09:00 - 10:30
Parallel sessions 4
09:00 - 10:30
Room: HSZ - N5
Chair/s:
Désirée Schönung, Nikoletta Symeonidou
Source memory research aims at understanding how people remember the origin of information (e.g., Where did I read the latest news?). This double symposium brings together findings from both basic (Part 1) and more applied (Part 2) source memory research. The first session highlights new developments in modeling approaches as well as empirical work addressing fundamental determinants of source memory.
Beatrice G. Kuhlmann opens the session with “A Storage-Retrieval Extension of the Two-High-Threshold Multinomial Model of Source Monitoring.”, introducing an extended version of the often-used two-high-threshold multinomial model of source monitoring (2HTSM, Bayen et al., 1996). This extended version distinguishes between storage and retrieval components of source memory by incorporating two separate source-memory parameters.
Meike Kroneisen follows with “The Rare and the Common: Can Rarity Influence the Animacy Effect in Source Memory?”, investigating whether the animacy advantage in source memory depends on the relative frequency of animate and inanimate stimuli. Her talk provides insights into how base-rate expectations and attention shape encoding and retrieval.
In “Source Memory and Metamemory for Concrete and Abstract Words,” Désirée Schönung examines how people monitor their memory for different word types. The talk focuses on whether individuals distinguish between item and source memory in their metamemory judgments by recognizing that concreteness affects item but not source memory.
Further advancing model-related aspects, Hilal Tanyas presents in her talk “Modeling Latency Processes in Source Monitoring” a formal modeling approach that integrates response times to the 2HTSM. This allows estimating the relative speed of memory- and guessing-based processes.
Finally, Lena Nadarevic bridges to more applied questions of source memory in her talk “Source Effects in Memory for Truth and Falsity: A Comparison of Self-Generated Judgments and External Feedback”. Across two experiments, she investigates whether participants remember self-generated subjective truth judgments better than externally provided objective feedback, consistent with the generation effect.
Together, these talks illustrate the range of current approaches to studying source memory, advancing theoretical and methodological understanding of source memory processes. The first session concludes with a general discussion, leading over to Part II: Source Memory - Applied Research.
Submission 484
Modeling Latency Processes in Source Monitoring
SymposiumTalk-04
Presented by: Hilal Tanyas
Hilal Tanyas 1, 2, Beatrice G. Kuhlmann 2, Edgar Erdfelder 2
1 Bahçeşehir University, Türkiye
2 University of Mannheim, Germany
Source monitoring refers to attributing previous experiences (items) to their episodic context (source) (Johnson et al., 1993).

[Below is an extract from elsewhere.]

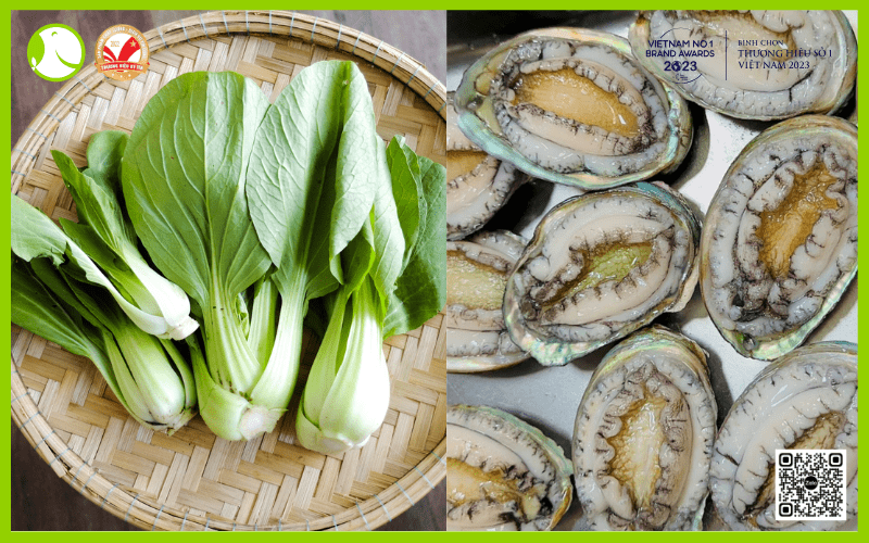 Cải thìa là loại rau có tính mát, vị ngọt nhẹ, chứa nhiều chất xơ, vitamin C, A, K và các khoáng chất như canxi, kali. Khi được xào cùng bào ngư, cải thìa không chỉ góp phần làm dịu vị mà còn cân bằng dinh dưỡng, giúp món ăn trở nên thanh mát, dễ tiêu hóa, rất thích hợp cho người cao tuổi hoặc đang trong giai đoạn hồi phục.

Using the frequencies of correct and incorrect attributions in a source-monitoring test, the two-high-threshold multinomial processing tree (MPT) model of source monitoring (2HTSM; Bayen et al., 1996) provides separate probability estimates for memory (of item and source) and various guessing processes. Heck and Erdfelder (2016) further integrated response times (RTs) into MPT models and proposed a formal MPT-RT approach to estimate the relative speed of latent processes. The current study extends their modeling rationale to source monitoring and introduces the 2HTSM-RT model. To test whether the 2HTSM-RT fits empirical source-monitoring data, we designed a simple experiment with words as items and screen positions as sources. We collected accuracy and RTs of item and source test responses from 35 participants. Following the categorization of continuous RT data into discrete bins ranging from fast to slow responses for each participant based on their overall speed of responding, we computed the frequencies for all possible combinations of discrete attribution responses and RT bins. Initial model-related analyses indicated that the 2HTSM-RT jointly accounts for RT and accuracy data of a typical source-monitoring experiment. The RT-extended 2HTSM model provides more holistic information about the memory and guessing processes involved in source monitoring by estimating both the accuracy of the process outcomes (reflected in the standard 2HTSM model parameters) and the relative speed of these processes (reflected in the newly proposed latency parameters).